Mathematicians have long searched for an ‘einstein’ shape – not referring to the physicist Albert Einstein, but from the German ‘one stone’ – that can cover an infinite surface in a pattern that does not repeat. The first einstein to be identified was nicknamed “the hat” and is a 13-sided polygon made up of smaller kite-like shapes merged together. By combining an infinite number of “hats” and their mirror images, an endless non-repeating array can be formed.

Only a few months after the discovery of “the hat,” another einstein tile was found. This time, the shape could be lain out in a non-repeating pattern even without the use of its mirror image. In the absence of the shape’s reflection, it was nicknamed the “vampire einstein.” When mathematicians guessed what the first identified einsteins would look like, they had no idea they would take such simple forms.
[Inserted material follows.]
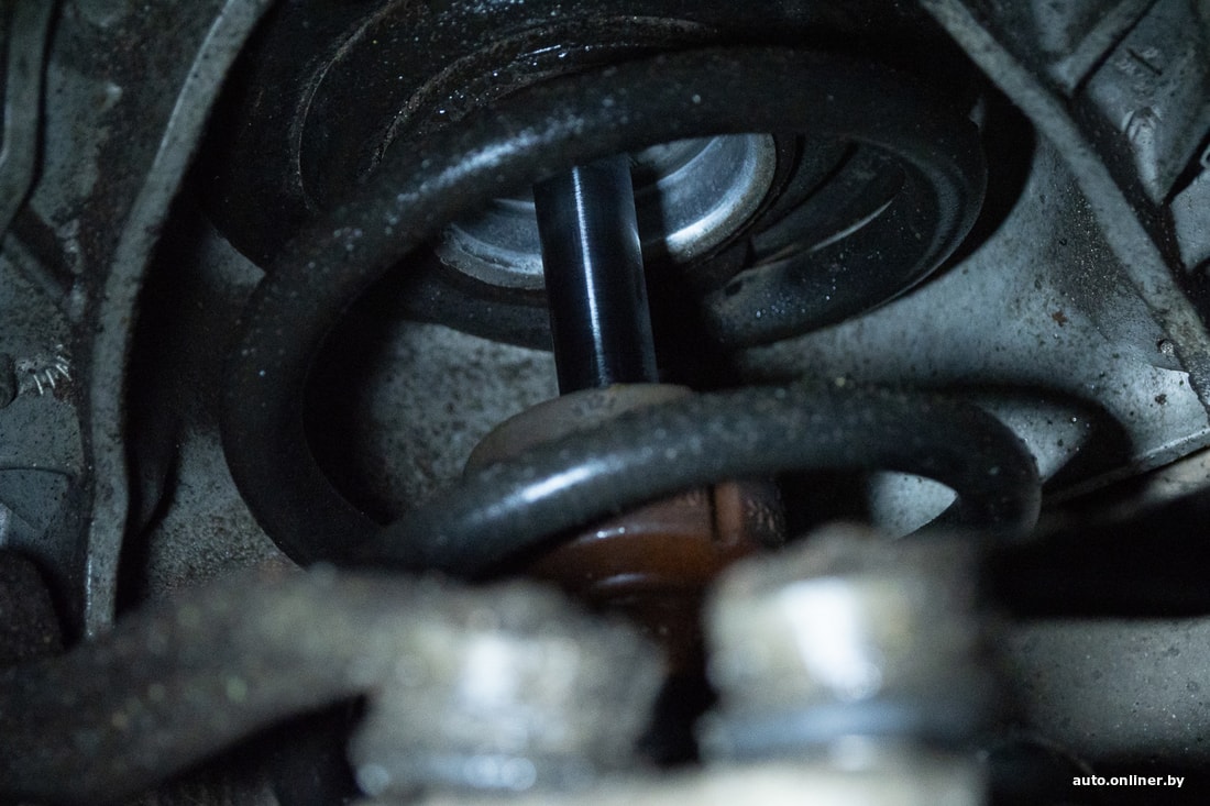 При осмотре подвески обнаружили повреждение пластиковой защиты порогов, запотевание сальников штока переднего амортизатора.
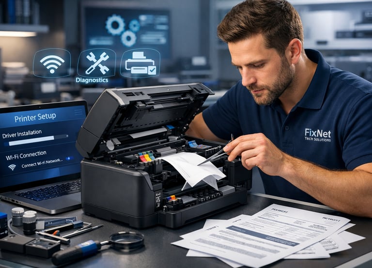 Printers get jammed, stop connecting to WiFi, or print faded pages. We fix paper jams, install drivers, clean inside the machine, and set up wireless printing so everything works perfectly. Regular printer maintenance is important because a broken printer can stop your homework, business invoices, or important documents. We keep it working so you never miss a deadline.

What does this mean for the real world? Knowing that simple shapes could be aperiodic (non-repeating) could have major implications for materials science, a field of engineering that identifies materials used for construction and manufacturing. Chemist Daniel Schectman was awarded the Nobel Prize for his 1982 discovery of quasicrystals: crystals whose atoms are packed in a non-repeating pattern. The non-repeating nature of quasicrystals makes them extremely strong but also poor conductors of heat. They have since been used in blends of steel for making surgical instruments and are being considered as insulators in engines. Time will tell how the discovery of einstein shapes may affect material science in the future.